[kwlug-disc] On lowering new member hurdles & comment cards.
paul_nijjar at yahoo.ca
Fri May 7 23:00:48 EDT 2010
On Thu, May 06, 2010 at 09:49:15PM -0400, Lori Paniak wrote:
> I've been enjoying the refreshing vacuum of KWLUG for almost five years
> In that time, the direction-less and poorly documented membership of
> KWLUG has been instrumental in several remarkable FLOSS achievements in
> SWO and beyond: Ontario Linux Fest, Open Street Map, numerous FLOSS
> projects, FLOSS fund... and stimulated other groups with similar
> free/libre perspectives. I would go as far as to say that KWLUG is the
> flagship Linux User Group in the country on the basis of vitality,
> (anarchic) organization and tangible impact.
> So what is it, exactly, that we are trying to fix?
At the risk of igniting another 100 posts on the topic, I'll take an
honest stab at answering this.
There's no question that the LUG has done some pretty neat things. I
agree with Khalid that we don't want to mess with that.
For a certain kind of person KWLUG is a fantastic resource. It
provides a technically-inclined group of people to turn to for
socialization, information, and technical help.
But just because the LUG works for a certain kind of person does not
mean it is perfect. Here are some anecdotes to illustrate some
- Some people attend meetings a couple of times, get frustrated and
never come back.

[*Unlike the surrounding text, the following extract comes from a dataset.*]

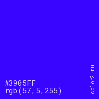 Цвет #3905FF в цветовой модели RGB обозначается тремя октетами (57, 5, 255) в десятичном формате и #3905FF в шестнадцатиричном (hex) формате, которые являются интенсивностью красного 57 (hex 39), интенсивность зелёного 5 (hex 05) и интенсивность синего 255 (hex FF).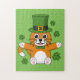 Cute St Patrick's Day Cat with Shamrocks Cartoon Jigsaw Puzzle

We know from attendance lists that there is quite a
bit of turnover. Some of this is just fine -- people try the LUG
out, find that Linux is not that interesting to them, and leave. Other
people are interested in Linux but put off by other things. Can we
solve this without wrecking what is good about the LUG? I don't know.

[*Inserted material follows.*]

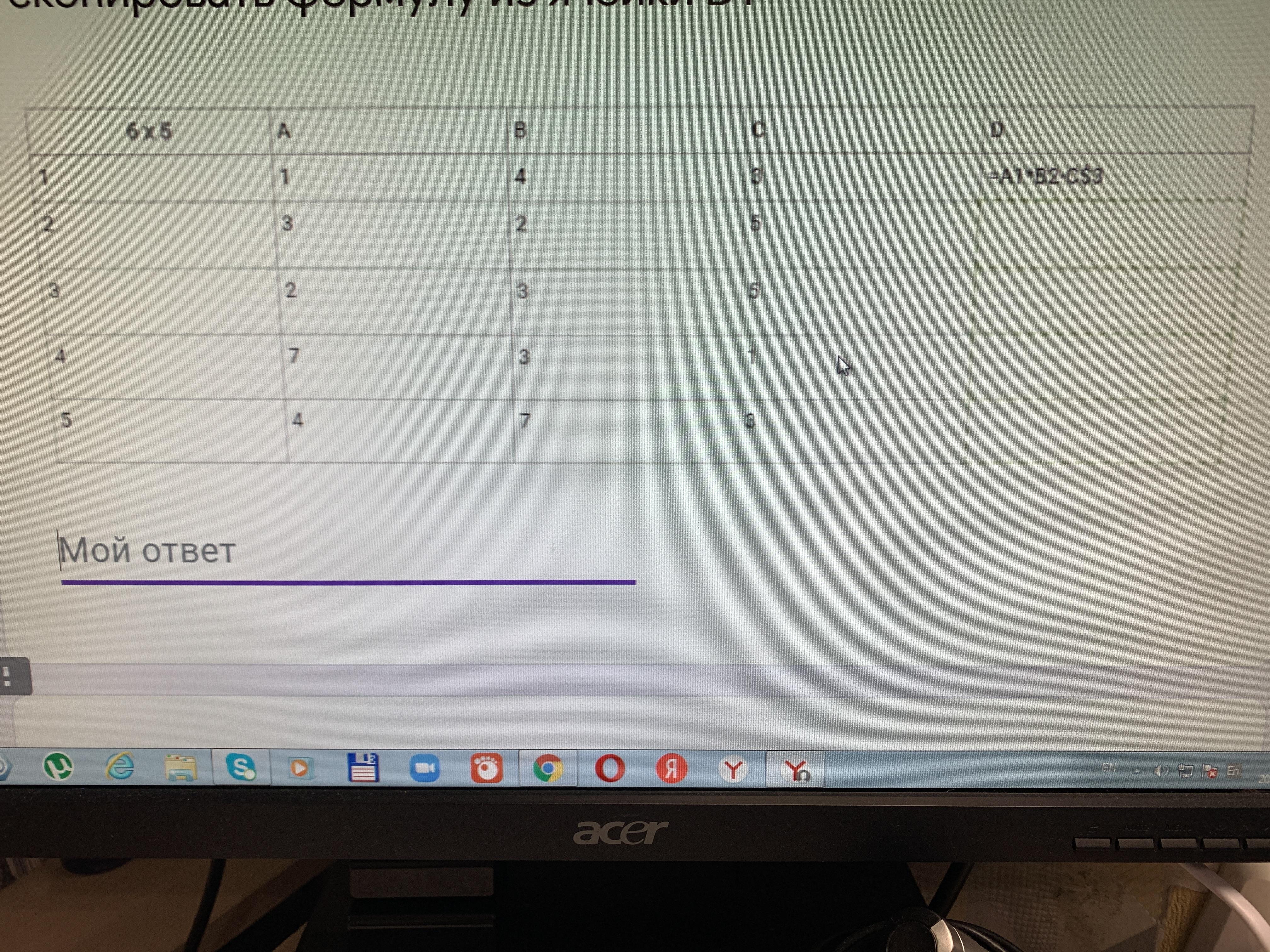 Какие значения появятся в ячейках D2:D5, если в них скопировать формулу из ячейки D1

- At Computer Recycling we sell two kinds of computers: ones with
Ubuntu installed and so-called MAR machines, which come with legal
versions of Windows and MS Office. Our Linux sales are not terrible
but one big deficiency is that we have no good place to point people
to learn more about Linux. Their friends use Windows, so they want
Windows. Maybe that is inevitable, but I wish we could grow an
ecosystem where regular people without a lot of computer experience
could learn about running Linux. (In fact we may have fewer
resources, since the Conestoga College courses that used to
be offered are sporadic at best.)
- Similarly, I know that some people come to meetings and find that
the topics are way over their head. I know that people will talk
pretty freely one-on-one, but are intimidated when speaking in front
of a large group.
- For a couple of years I "mentored" a couple of would-be Linux users
via e-mail. Both of these fellows were highly motivated to use
free software, so this was not a burden. But short of offering to
mentor more people myself, I do not see a good way for these people
to get over that learning hump.
So what I am trying to fix is promoting adoption of Linux among those
who are not inclined to be highly-technical enthusiasts. The LUG may
have no role to play in this (I have started a 100-post thread at work
to see whether we have the capacity to maybe do some more formalized
training there.) But it might. I wonder whether the LUG could be doing
a better job of being welcome to newbies and helping newbies climb
that learning curve.
Having said that, I am totally on board with not breaking what is good
about the LUG, and not imposing too heavily on the LUG's membership.
If we (as a LUG or individuals) don't have the energy to make these
newbie-friendly things happen, then so be it. If we do have the
energy, then I would prefer a world in which these things are
I also worry that the LUG (and Linux in general) is becoming obsolete
in the Web 2.0/Apple/Cloud world, but that is another thread for some
other time. Suffice to say this: I believe that if we (as enthusastic
Linux users) don't care about helping newbies who are a little less
motivated than we are, then we will never see Linux taken seriously
"on the desktop", we'll keep getting steamrollered by bad DMCAesque
legislation, and regular people will continue to misunderstand how the
freedom in free software makes a difference.